> _Required action_: Output nothing but the lines from the first line of the entries to the line with "- Durable: Crafted", inclusive, exactly as they read.

> _Source records_:
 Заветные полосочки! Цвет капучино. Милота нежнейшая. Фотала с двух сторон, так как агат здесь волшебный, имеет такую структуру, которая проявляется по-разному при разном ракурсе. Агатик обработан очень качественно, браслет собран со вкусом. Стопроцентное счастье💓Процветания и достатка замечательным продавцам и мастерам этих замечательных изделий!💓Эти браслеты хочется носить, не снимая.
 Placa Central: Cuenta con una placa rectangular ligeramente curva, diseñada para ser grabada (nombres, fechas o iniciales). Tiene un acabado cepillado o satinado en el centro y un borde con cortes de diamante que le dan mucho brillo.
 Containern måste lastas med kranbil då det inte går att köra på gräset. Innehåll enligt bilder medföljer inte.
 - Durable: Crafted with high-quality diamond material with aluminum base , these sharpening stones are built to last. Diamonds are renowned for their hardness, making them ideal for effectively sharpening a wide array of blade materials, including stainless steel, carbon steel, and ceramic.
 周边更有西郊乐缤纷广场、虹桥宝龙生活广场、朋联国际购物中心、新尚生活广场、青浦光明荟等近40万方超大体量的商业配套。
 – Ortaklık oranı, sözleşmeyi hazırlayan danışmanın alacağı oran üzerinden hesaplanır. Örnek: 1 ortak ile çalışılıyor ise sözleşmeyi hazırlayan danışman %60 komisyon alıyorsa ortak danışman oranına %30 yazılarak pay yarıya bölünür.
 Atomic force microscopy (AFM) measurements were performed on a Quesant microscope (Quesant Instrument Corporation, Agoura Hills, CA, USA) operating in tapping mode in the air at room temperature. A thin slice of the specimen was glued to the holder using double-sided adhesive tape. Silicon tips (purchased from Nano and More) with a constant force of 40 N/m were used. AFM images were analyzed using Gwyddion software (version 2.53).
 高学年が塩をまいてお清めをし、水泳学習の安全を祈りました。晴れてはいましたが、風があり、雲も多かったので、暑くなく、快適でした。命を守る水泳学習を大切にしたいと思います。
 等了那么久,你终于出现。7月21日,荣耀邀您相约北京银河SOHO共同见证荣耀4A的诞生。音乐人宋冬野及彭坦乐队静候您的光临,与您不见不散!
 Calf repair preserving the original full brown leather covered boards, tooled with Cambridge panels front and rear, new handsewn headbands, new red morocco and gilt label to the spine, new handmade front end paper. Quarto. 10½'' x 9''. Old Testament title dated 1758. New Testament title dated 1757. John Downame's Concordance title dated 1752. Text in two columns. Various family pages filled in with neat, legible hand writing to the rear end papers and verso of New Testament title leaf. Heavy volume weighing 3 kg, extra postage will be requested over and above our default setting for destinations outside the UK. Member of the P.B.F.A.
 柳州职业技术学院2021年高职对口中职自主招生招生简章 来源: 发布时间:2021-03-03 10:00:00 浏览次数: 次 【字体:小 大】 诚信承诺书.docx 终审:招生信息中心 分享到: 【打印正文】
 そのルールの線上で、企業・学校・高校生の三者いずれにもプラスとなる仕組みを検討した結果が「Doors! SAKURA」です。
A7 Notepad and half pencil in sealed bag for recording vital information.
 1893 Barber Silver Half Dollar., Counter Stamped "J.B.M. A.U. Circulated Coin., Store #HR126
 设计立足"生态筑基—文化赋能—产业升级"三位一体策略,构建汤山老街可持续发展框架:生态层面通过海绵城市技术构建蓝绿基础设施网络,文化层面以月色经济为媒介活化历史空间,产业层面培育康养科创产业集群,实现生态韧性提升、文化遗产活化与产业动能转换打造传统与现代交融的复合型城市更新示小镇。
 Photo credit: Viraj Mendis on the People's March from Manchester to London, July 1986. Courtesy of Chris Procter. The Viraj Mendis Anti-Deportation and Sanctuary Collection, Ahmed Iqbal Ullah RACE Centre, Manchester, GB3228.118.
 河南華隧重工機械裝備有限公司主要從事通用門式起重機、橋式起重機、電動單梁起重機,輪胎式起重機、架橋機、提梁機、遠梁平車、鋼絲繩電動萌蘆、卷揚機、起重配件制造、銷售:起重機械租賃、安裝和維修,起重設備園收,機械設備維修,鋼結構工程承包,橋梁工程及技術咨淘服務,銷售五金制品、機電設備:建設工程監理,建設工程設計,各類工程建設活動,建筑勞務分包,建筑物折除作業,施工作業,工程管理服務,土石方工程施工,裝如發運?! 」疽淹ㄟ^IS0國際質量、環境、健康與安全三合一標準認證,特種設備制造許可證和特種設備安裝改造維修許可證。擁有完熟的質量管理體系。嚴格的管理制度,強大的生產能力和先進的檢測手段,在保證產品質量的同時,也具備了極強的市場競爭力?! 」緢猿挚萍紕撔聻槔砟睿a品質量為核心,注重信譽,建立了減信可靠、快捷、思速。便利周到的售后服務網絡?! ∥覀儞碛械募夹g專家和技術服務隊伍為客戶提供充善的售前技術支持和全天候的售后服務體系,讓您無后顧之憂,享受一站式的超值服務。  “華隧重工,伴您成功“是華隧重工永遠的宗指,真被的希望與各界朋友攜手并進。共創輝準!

> _Output of the exercise_:
 Заветные полосочки! Цвет капучино. Милота нежнейшая. Фотала с двух сторон, так как агат здесь волшебный, имеет такую структуру, которая проявляется по-разному при разном ракурсе. Агатик обработан очень качественно, браслет собран со вкусом. Стопроцентное счастье💓Процветания и достатка замечательным продавцам и мастерам этих замечательных изделий!💓Эти браслеты хочется носить, не снимая.
 Placa Central: Cuenta con una placa rectangular ligeramente curva, diseñada para ser grabada (nombres, fechas o iniciales). Tiene un acabado cepillado o satinado en el centro y un borde con cortes de diamante que le dan mucho brillo.
 Containern måste lastas med kranbil då det inte går att köra på gräset. Innehåll enligt bilder medföljer inte.
 - Durable: Crafted with high-quality diamond material with aluminum base , these sharpening stones are built to last. Diamonds are renowned for their hardness, making them ideal for effectively sharpening a wide array of blade materials, including stainless steel, carbon steel, and ceramic.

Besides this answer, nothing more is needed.